Great Train Heist
The extra-combat-step effect used to arrive in fixed, front-loaded packages: Aggravated Assault at four mana with a repeatable kicker, Relentless Assault at four for a one-shot, Seize the Day flashing back for six. Spree repackages that payoff as an à la carte instant, and the pricing hierarchy tells you where the danger lives: untapping your team and buying a second combat phase costs the most, and it is the mode that ends games. All three options push toward the same swing, which is what gives a modal instant this much coherence. The +1/+0-and-first-strike line turns a stalled attack lethal and rescues a bad block; the Treasure clause converts connecting damage into ramp for whatever the next turn holds. You buy exactly the pieces the board demands, and since the base card asks only a single red mana, there is always an affordable mode even when your resources are thin.

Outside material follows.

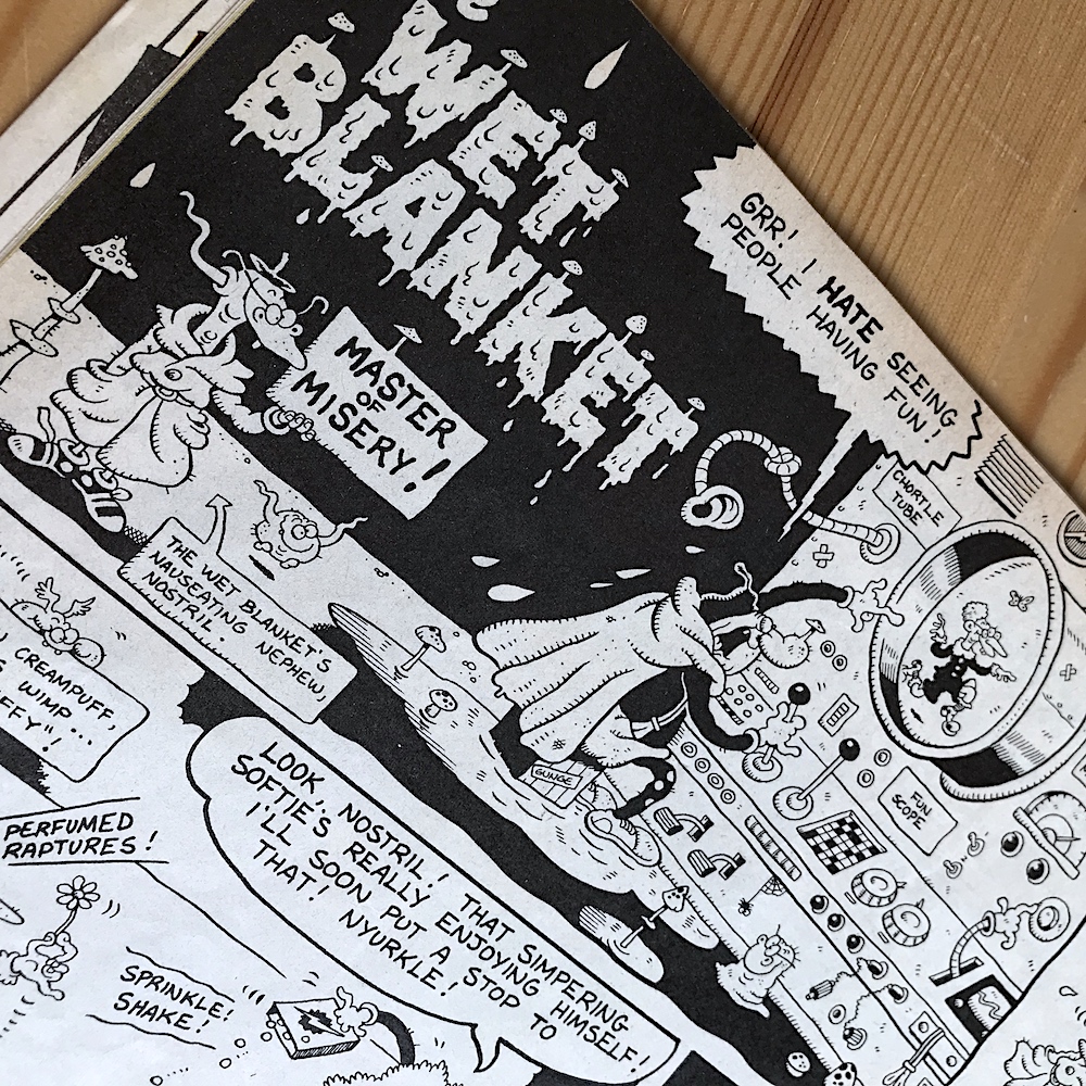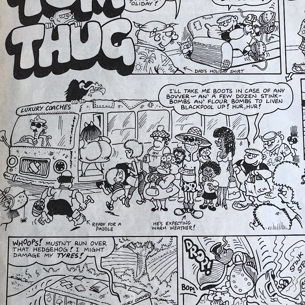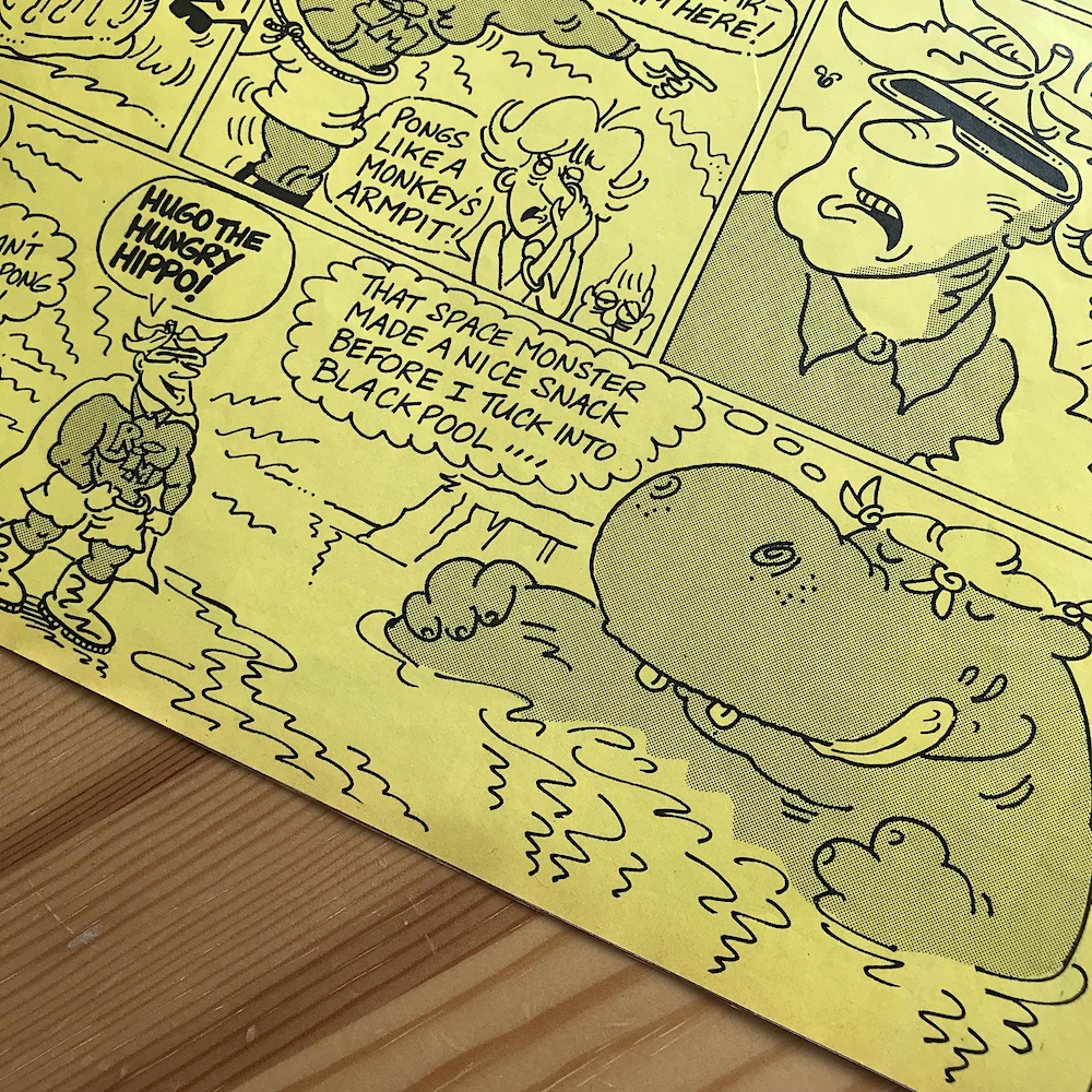 Let’s have a quick look at some other highlights from this summery edition, starting with an early character called New Wave Dave who was a bit too keen to be part of that 80s scene. Dave was drawn by Viz founder Chris Donald. Tom Thug went on an ‘oliday to Blackpool with a regular selection of British folk (we’ll see how he gets on next time). There was a comics crossover of gigantic hippopotamus proportions when Hugo the Hungry Hippo popped up to save the day in Rubbish Man, Tom Paterson‘s hilarious Wet Blanket will see publication again later this year and roles were reversed in Horace (Ugly Face) Watkins.

The subtle piece is the conditional on the extra combat: the untap-and-swing-again mode only grants a follow-up phase "if it's your combat phase," which pins the ceiling to your own turn and forecloses any end-step or instant-speed abuse of the sequencing. That clause keeps the effect at an instant's flexibility instead of being priced back up to four-mana sorcery territory. Stack every cost for a full alpha-strike finisher, or buy a single one for a cheap trick that still bends a combat step in your favor.